Der erste und größte Teil des Bandes umfasst drei Abschnitte, die zugleich drei historische Entwicklungsstufen abbilden: Zunächst wird das "Alte Paris" und seine Stadtviertel beschrieben; dann das "Neue Paris", die "faubourgs" vor allem und schließlich noch einmal das "Neue Paris", die eingemeindeten Dörfer nämlich (wie Clignancourt, Vaugirard oder Charonne).
Der zweite Teil heißt dann "Das rote Paris", dort geht es ganz überwiegend (und, was das Jahr 1848 angeht, auch sehr berechtigt) um die Barrikaden von Paris. Und im dritten Teil unter der Überschrift "Im wimmelden Gemälde von Paris" kommt schließlich der Kunstkenner Hazan zu Wort. Das Kapitel beginnt mit einer Beschreibung der bekannten Flaneure und beschäftigt sich dann mit den Paris-Bildern und der Paris-Fotografie.
Warum aber macht einen das Buch auch so ärgerlich? Nun, je länger man in diesem dicken Buch liest, desto mehr stört einen die ungeheure Beliebigkeit, mit der da ein Intellektueller sein Wissen ausbreitet. Studienräte mag es ja interessieren mit welcher Parkbank auf dem Boulevard Henri IV. Flaubert seinen Roman "Bouvard und Pécuchet" beginnen lässt, wenn aber das ganze Buch von solchen Aufzählungen wimmelt, wird es einfach öde und unübersichtlich.
Und weiter: Die Konzentration nur auf die Stadträume des Departements Paris stellt sich gleich in mehrfacher Hinsicht als kontraproduktiv heraus. Wie kann man über das "rote Paris" schreiben und die Vororte dermaßen außen vor lassen? Der politisch-mentale Stadtraum bleibt in Hazans Buch völlig außer Acht. Wie kann man überhaupt über die Erfindung von Paris reden, und im Grunde nur die Raumentwicklung schildern? Wie kann man die Entwicklung der Stadträume zum Schwerpunkt nehmen und diese nur mit ein paar hingestrichelten Zeichnungen begleiten? Von einer kultur- oder sozialgeschichtlichen Einordnung (wie in manchen Ankündigungen des Buches in Aussicht gestellt wird) kann also hier nicht die Rede sein.

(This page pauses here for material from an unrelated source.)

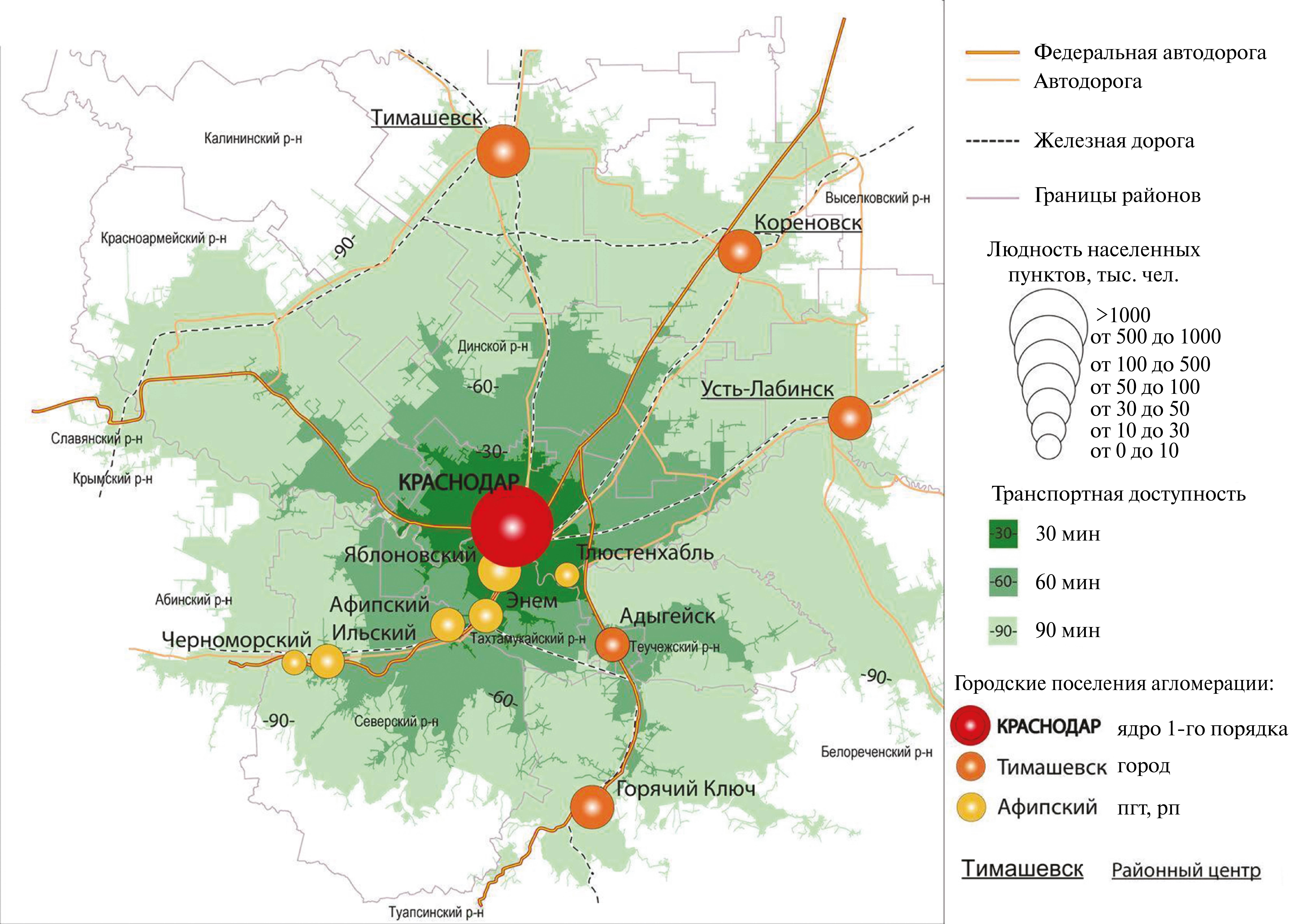 Рис. 5. Краснодарская агломерация: границы зон транспортной доступности и людность населенных пунктов. Источник: (Сопнев, Белозеров, 2023, с изменениями).

So erstaunt es nicht, das beim näheren Hinschauen die gängigen Klischees einen nur so anspringen: Paris die Flaneur-Stadt, die Stadt des Widerstandes gegen die Faschisten, Paris die Hauptstadt des 20. Jahrhunderts usw. Die Mystifikationen bei der Erfindung der Stadt werden vom Kunstkenner kaum aufgearbeitet (und die Kunst hat weiß Gott eine herausragende mystifizierende Rolle gespielt). Die sozialen Gewichtungen werden galant übersprungen, die mentale Welt der Stadt ist nur literarisch andeutungsweise erfasst, anstatt Zusammenhänge zu erhellen, wird mit Zitaten um sich geschmissen - nein, Hazan hat sich jedwede kritische Aufarbeitung erspart, und das ist schade.
So möchte man dem Mann zurufen: Schuster, bleib bei deinen Verleger-Leisten, denn so trägst du nur ein Stück zur Vernebelung, zur stadthistorischen und politischen Unübersichtlichkeit bei.